Riding on a track will differ from riding on a road, and a rider shouldn't look to drag their knees or elbows on the road but should lean enough to be safe on the motorcycle and minimise the potential of an accident.

The maximum lean angles of motorcycles are as follows:

  • 0° Upright
  • 40° Scooter
  • 50° Street Bike
  • 55° Supersport
  • 61° Superbike
  • 65° MotoGP

There have been instances when riders have managed to get more lean angle, like Moto GP rider Marc Marquez, who leaned his Honda over to a dizzying 70°, but realistically, a rider riding on the road shouldn't expect to exceed 25° of lean angle.

How far can you lean a motorcycle on a wet road?
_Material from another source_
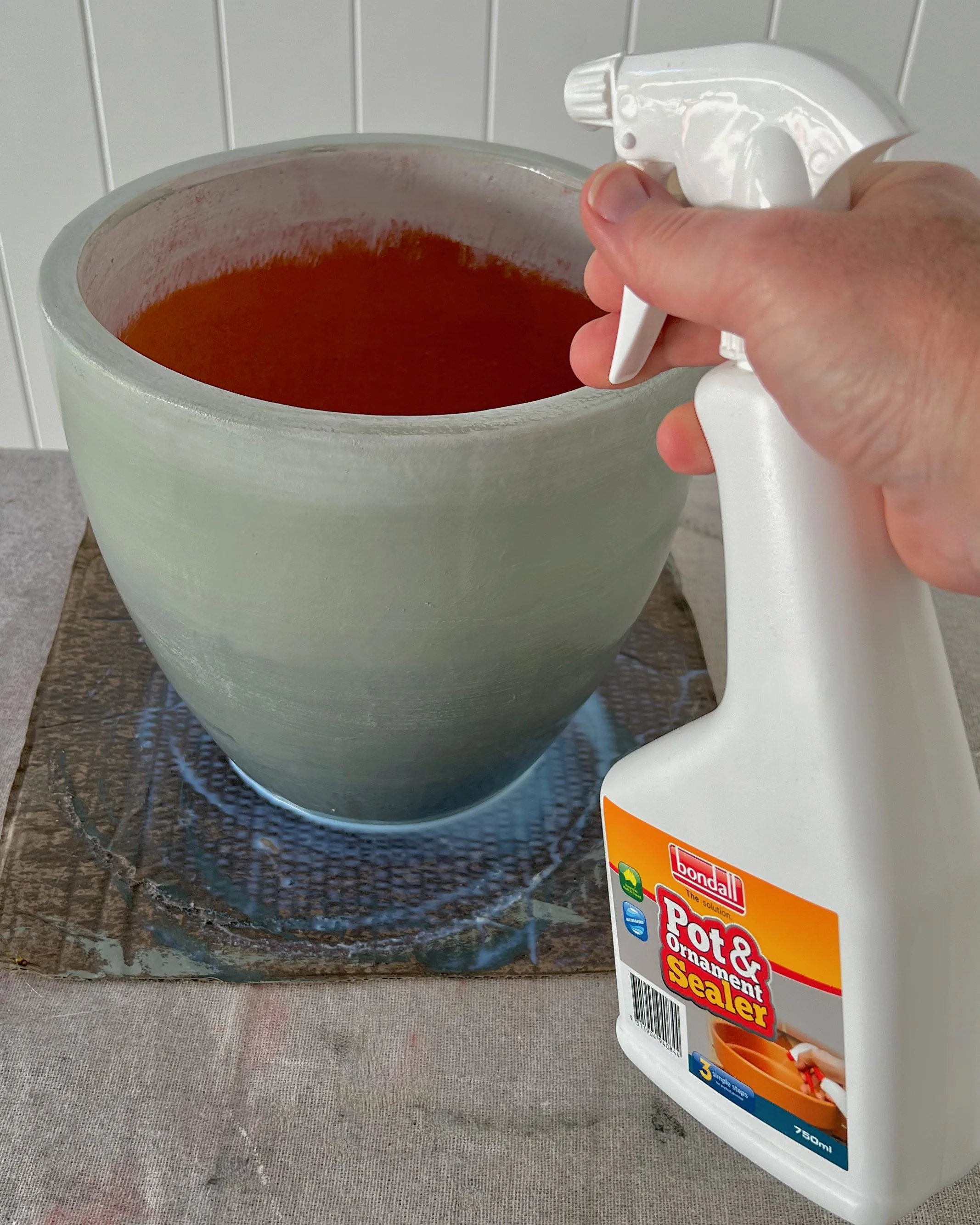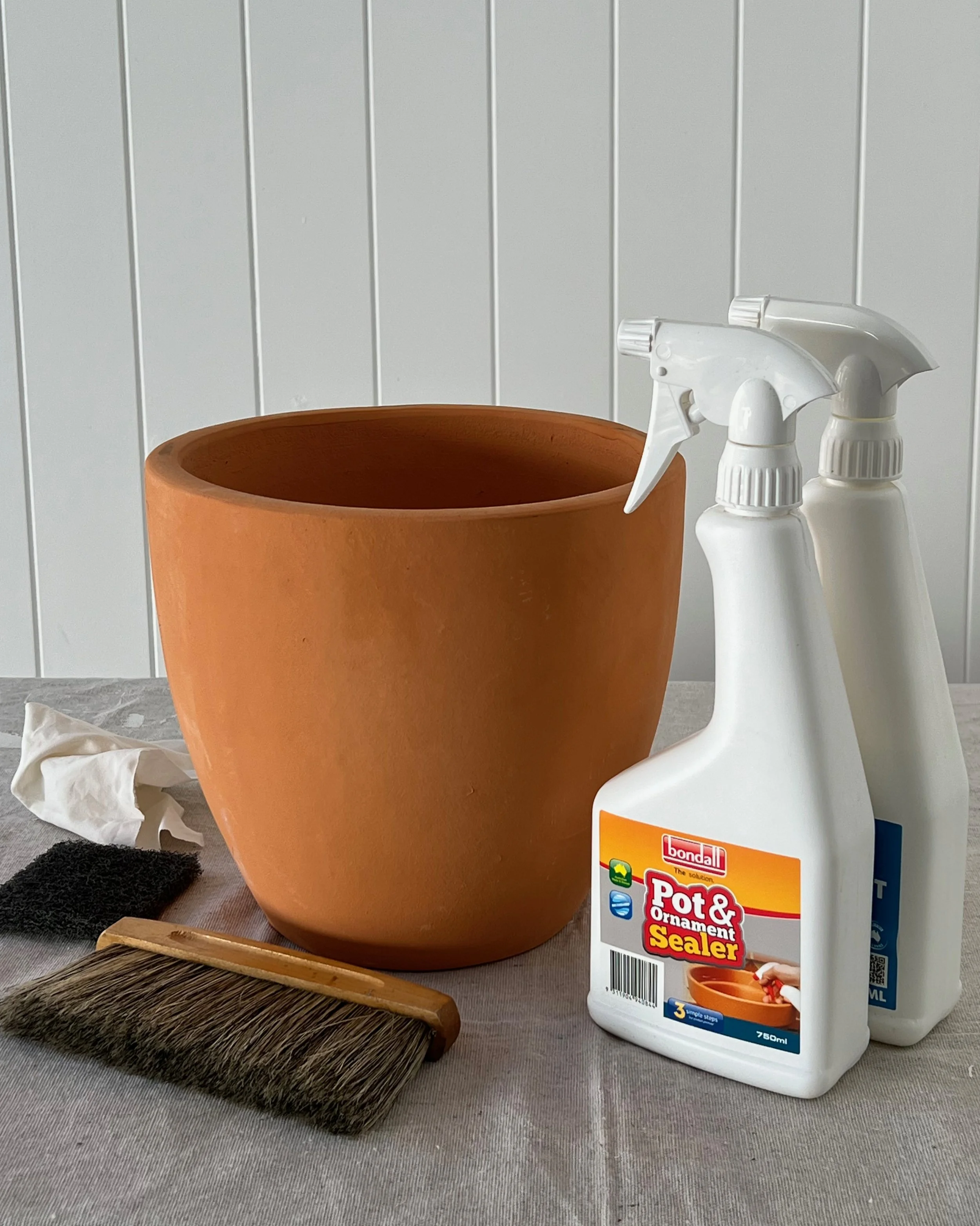 To ensure the porous pots were waterproofed to prevent staining, liming and mould, I used Bondall Pot & Ornament Sealer, which penetrates the terracotta to form a clear protective layer. It also increases the surface hardness to make the pots more durable.

How far a motorcycle can be leaned on a wet road entirely depends on the surface, the tyres the motorcycle being used, and the rider's ability.

Road tyres are made to withstand leaning over on corners, and professional riders are able to drag their knees and elbows on the floor even in torrential rain during races, but obviously only with the highest quality wet weather racing tyres!. 

As always, in wet weather, it's best practice to ride within your limits and only lean as far as you feel comfortable doing. If you would like to gain more confidence riding on wet tarmac, you could look into booking an advanced riding course.